Dataset items
----
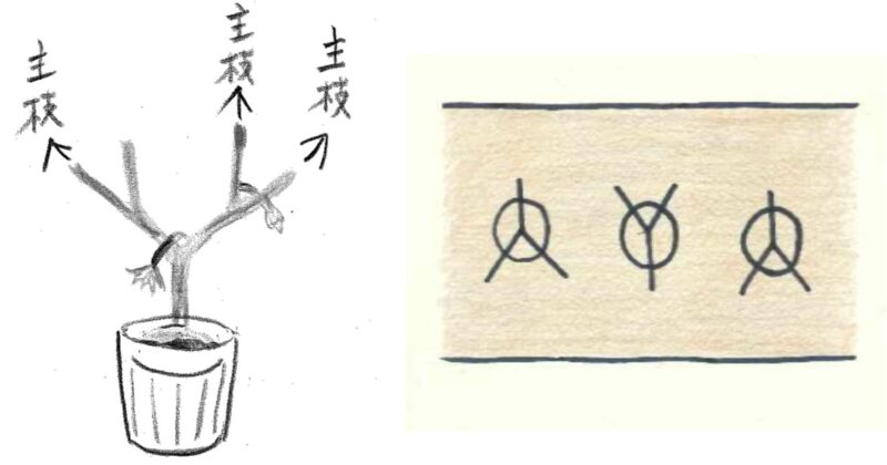・主枝が2本しかない場合は、主枝から出ている一番良い側枝を3本目の主枝とする。
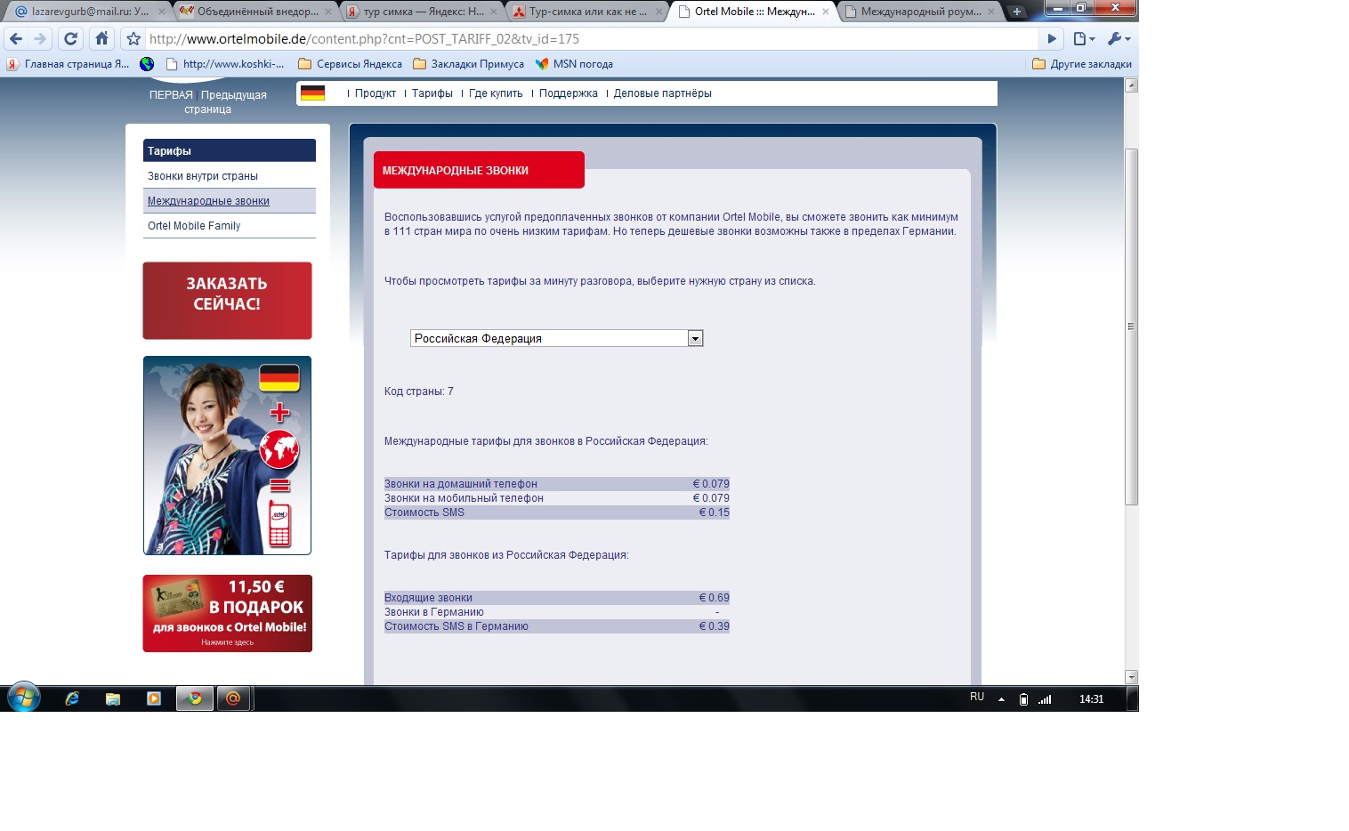 Тарифы на роуминг, международную связь
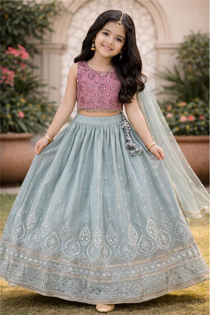 • Stylish Pink & Grey Combination – Beautiful blend of pink and grey enhanced with gold design for a rich and elegant look. • Elegant Gold Embellishment – Detailed gold work adds a luxurious and festive touch. • Stylish Lehenga Design – Flowy and flared silhouette gives a graceful and traditional appearance. • Comfortable & Kid-Friendly Fit – Designed for easy movement and all-day comfort. • Perfect for Special Occasions – Ideal for weddings, festive events, birthdays, and family functions.
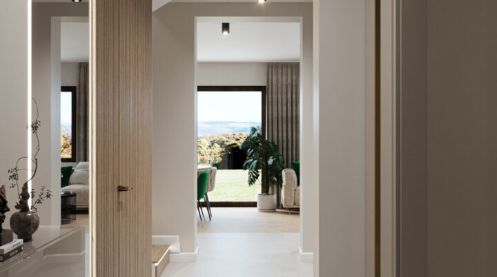 Projekt domu w zieleni i beżu Dom jednorodzinny Ciepły nowoczesny beż, biel, złoto, zieleń, kamień naturalny, drewno, welur
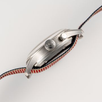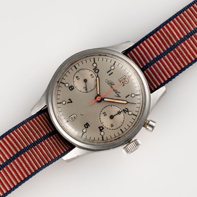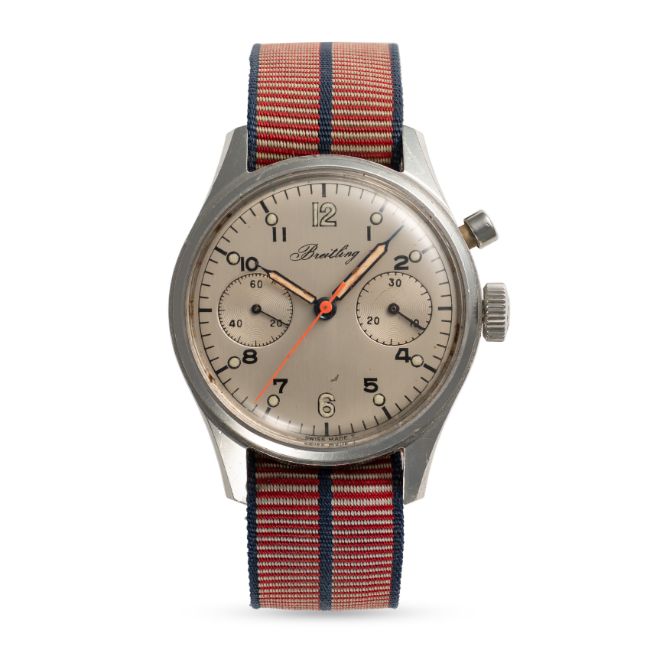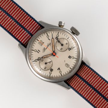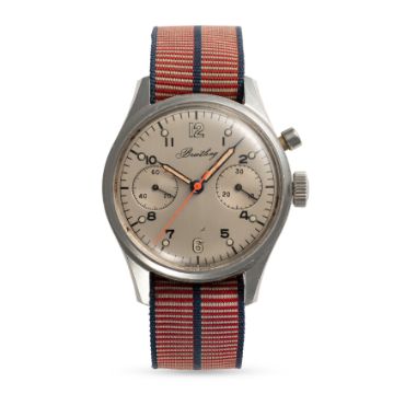 A GENTLEMAN'S SIZE STAINLESS STEEL ROYAL CANADIAN AIR FORCE (RCAF) BREITLING SINGLE BUTTON MILITARY CHRONOGRAPH WRIST WATCH DATED 1969Movement: 17J, manual wind, Venus cal. 236, signed Breitling Watch Ltd.Case: Diameter approx. 36mm, screw back, signed Breitling Watch Ltd,  military issue markings D.N.D SN NS 2293/69/ Stock No 6645/21/802/1267 MFG Breitling, Breitling crown. Strap: Textile.  CONDITION REPORTDial: Refinished dial in good condition. Movement: Running & functioning at present, timekeeping and accuracy cannot be guaranteed. Case: In good condition, with some scratches and wear due to use. Strap/Bracelet: In fair condition.
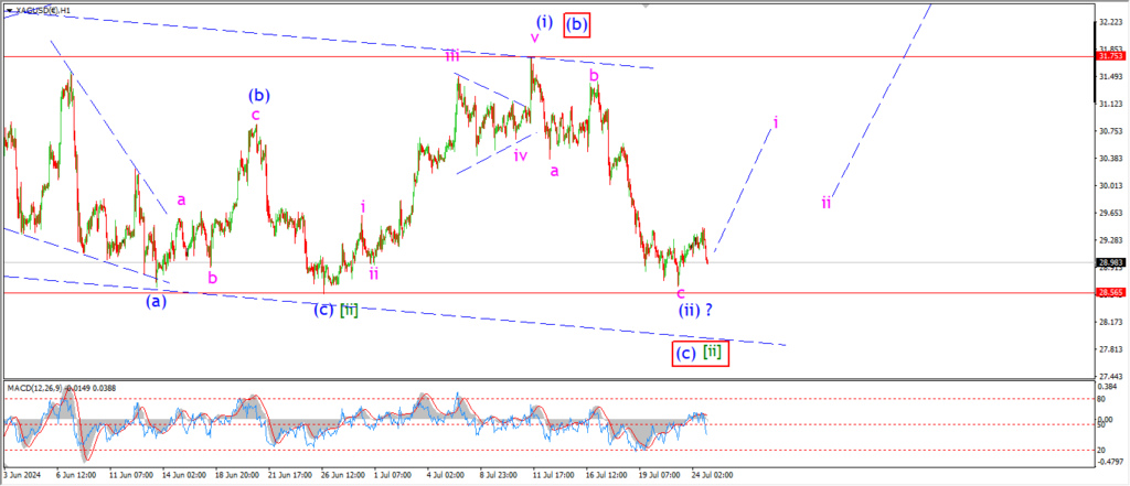 A small relief today as silver is holding above the wave [ii] lows at 28.56 again.
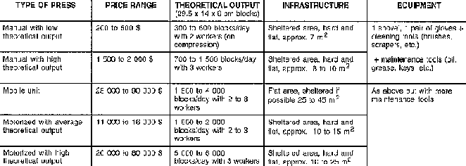 Compression is of course the key operation in the manufacture of CEBs. Nevertheless, the quality of the product will depend heavily on what "goes into" the press (the type of soil and all the preliminary operations: preparation, mixing, retention time, etc.) as well as the way in which the products are going to be treated when they come out of the press (curing, storage, transportation, etc.) The various types and qualities of presses available obviously have some impact, but they are not necessarily crucial to the final result, the CEB.
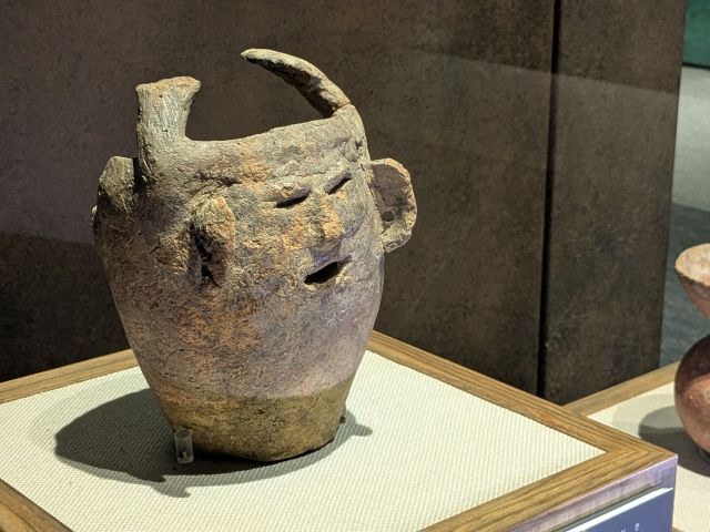 顔がついたユニークな器は、長野県長野市の片山遺跡より出土した挙手人面土器。ツノのように見える部分は、よくみると手のひら!手を上げているような姿をしています。
----
**Required work:** Copy every record exactly, leaving the pictures out.

**Answer to the problem:**
・主枝が2本しかない場合は、主枝から出ている一番良い側枝を3本目の主枝とする。
 Тарифы на роуминг, международную связь
 • Stylish Pink & Grey Combination – Beautiful blend of pink and grey enhanced with gold design for a rich and elegant look. • Elegant Gold Embellishment – Detailed gold work adds a luxurious and festive touch. • Stylish Lehenga Design – Flowy and flared silhouette gives a graceful and traditional appearance. • Comfortable & Kid-Friendly Fit – Designed for easy movement and all-day comfort. • Perfect for Special Occasions – Ideal for weddings, festive events, birthdays, and family functions.
 Projekt domu w zieleni i beżu Dom jednorodzinny Ciepły nowoczesny beż, biel, złoto, zieleń, kamień naturalny, drewno, welur
 A GENTLEMAN'S SIZE STAINLESS STEEL ROYAL CANADIAN AIR FORCE (RCAF) BREITLING SINGLE BUTTON MILITARY CHRONOGRAPH WRIST WATCH DATED 1969Movement: 17J, manual wind, Venus cal. 236, signed Breitling Watch Ltd.Case: Diameter approx. 36mm, screw back, signed Breitling Watch Ltd,  military issue markings D.N.D SN NS 2293/69/ Stock No 6645/21/802/1267 MFG Breitling, Breitling crown. Strap: Textile.  CONDITION REPORTDial: Refinished dial in good condition. Movement: Running & functioning at present, timekeeping and accuracy cannot be guaranteed. Case: In good condition, with some scratches and wear due to use. Strap/Bracelet: In fair condition.
 A small relief today as silver is holding above the wave [ii] lows at 28.56 again.
 Compression is of course the key operation in the manufacture of CEBs. Nevertheless, the quality of the product will depend heavily on what "goes into" the press (the type of soil and all the preliminary operations: preparation, mixing, retention time, etc.) as well as the way in which the products are going to be treated when they come out of the press (curing, storage, transportation, etc.) The various types and qualities of presses available obviously have some impact, but they are not necessarily crucial to the final result, the CEB.
 顔がついたユニークな器は、長野県長野市の片山遺跡より出土した挙手人面土器。ツノのように見える部分は、よくみると手のひら!手を上げているような姿をしています。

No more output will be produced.